5. Transcribe, translate and enter data of all Serious Adverse Events (from Clinical Trials, post-marketing studies (PMS), registries) and all adverse events (from commercial, sales and mar-keting programs and all Spontaneous Reports) from source documents onto safety systems (e.g. Argus Affiliate, etc) accurately and consistently with emphasis on timeliness and quality.
6. Record and track receipts, submissions and distributions of SAEs, SRs, Investigator Notifica-tions (IN)/Suspected Unexpected Serious Adverse Reaction (SUSAR), Periodic Safety Report Updates (PSUR) and Development Safety Update Report (DSUR).
7. Manage reporting/submission/distribution of safety reports/updates/ information (e.g. SAE, SR, IN, PSUR, Biannual SUSAR Listing, DSUR) to Local Health Authorities (LHA) and/or clinical operations.
8. Work with other local/global PVO associates to ensure accurate evaluation of safety data.
9. Interact and exchange relevant safety information with LHA, PVO associates, other functional groups and third party contractor, if applicable.
10. Support in developing, updating and implementing local procedures
to ensure compliance with PVO global procedures and national requirements.
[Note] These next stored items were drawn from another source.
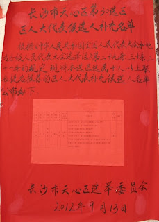 王云青夫妇在张贴时,惊喜地发现,区人大选举委员会在此前刚一会又张贴了一张公告,他王云青榜上有名!很快,王云青成为天心区30选区初步候选人的消息上了互联网。
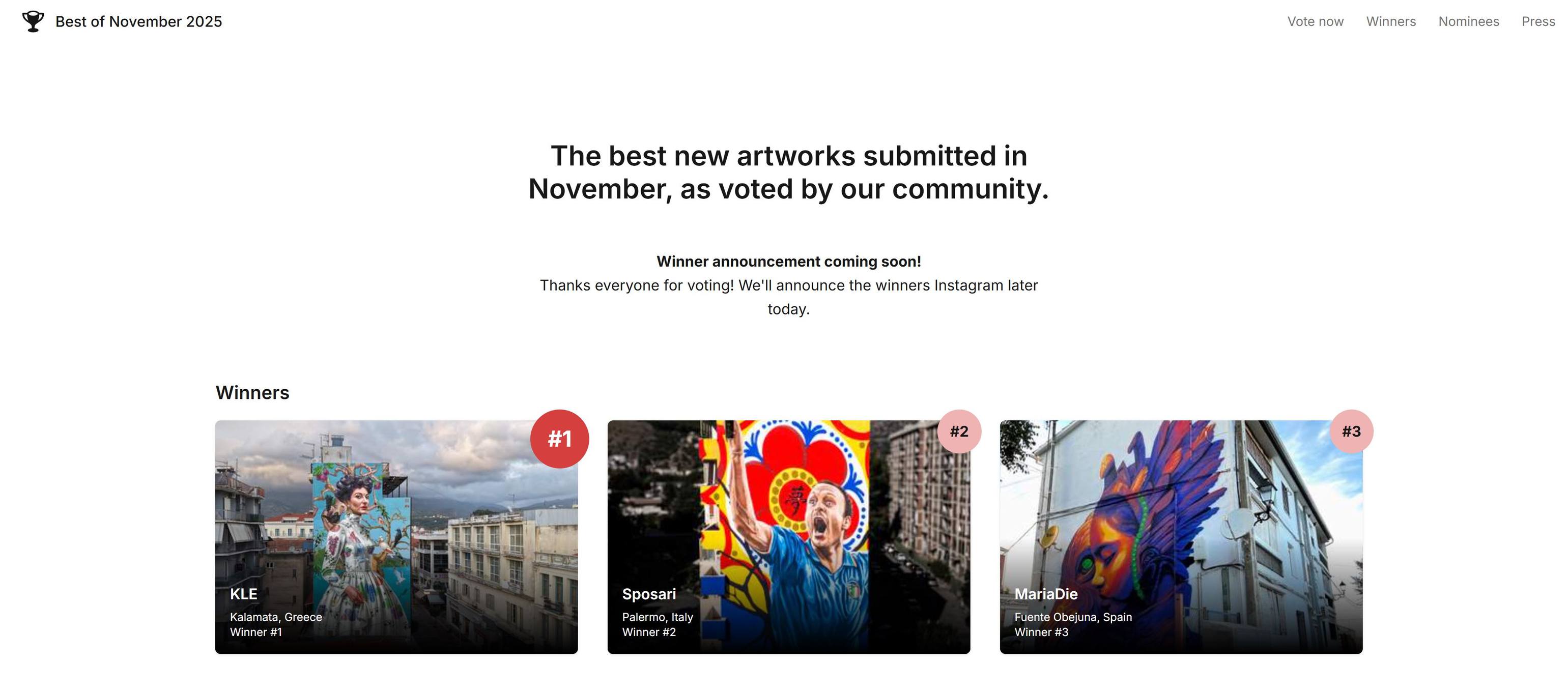 «Απερίγραπτη χαρά και τιμή! Θέλω να πω ένα τεράστιο ευχαριστώ σε όλες και όλους εσάς που στηρίξατε, ψηφίσατε, μοιραστήκατε και αγκαλιάσατε αυτό το έργο από την πρώτη στιγμή. Η συμμετοχή σας, τα μηνύματά σας και η αγάπη που έλαβα δεν περιγράφονται. Αυτό το αποτέλεσμα ανήκει σε όλους μας!», σημειώνει σε ανάρτησή του ο διεθνώς αναγνωρισμένος καλλιτέχνης Κλεομένης Κωστόπουλος, γνωστός και ως KLE.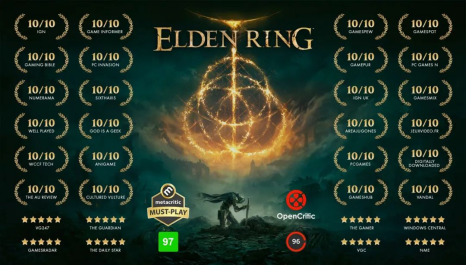 這是知名游戲制作人宮崎英高繼《只狼:影逝二度》后,蟄伏三年推出的魂系大作,一經(jīng)上線便迅速登上熱搜并打破銷量紀(jì)錄,在線人數(shù)峰值達(dá)到了近90萬人。同時(shí)參與評價(jià)的45家媒體均為《艾爾登法環(huán)》給出好評,其中多家媒體打出滿分。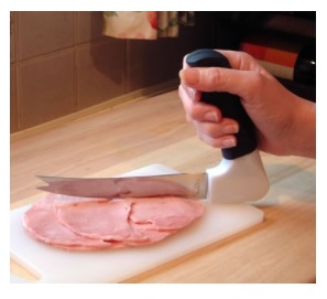 Nóż ogólnego przeznaczenia posiada ergonomiczny uchwyt, który utrzymuje rękę w naturalnej pozycji.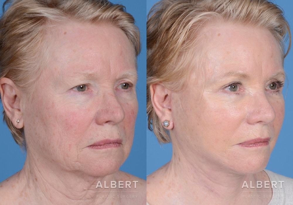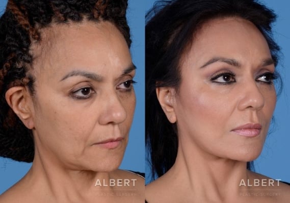 Full facelift. Dr. Albert can conduct a procedure that restores your appearance from the top of your forehead to your clavicle. He will revise excess skin and reposition features to their more youthful state. His priority is to prevent the face from appearing unnaturally tight. He often uses fat grafting to create a soft, natural appearance.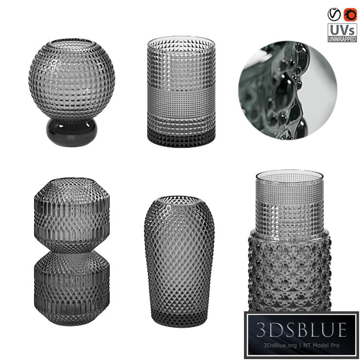 Set of 5 "Specktrum" relief vases from luxurious vintage glass.

11. Perform reconciliation with other departments (e.g. Medical Information, Quality Assurance and third party contractor, if applicable) for potential AEs resulting from medical inquiries and quality related complaints.
12. Management and maintenance of all relevant PVO databases.
13. Prepare and submit KPI reports on compliance in a timely manner including identification of root cause(s) for late reporting to LHA, development and implementation of corrective action(s) as needed.
Desired profile
Education:
Secondary Education/A degree in medicine or pharmacy
Language:
Danish fluently. Intermediate/fluent knowledge of English (oral and written)
Experience:
Preferably experience on similar position in drug safety or drug registration or
clinical research department would be an additional asset.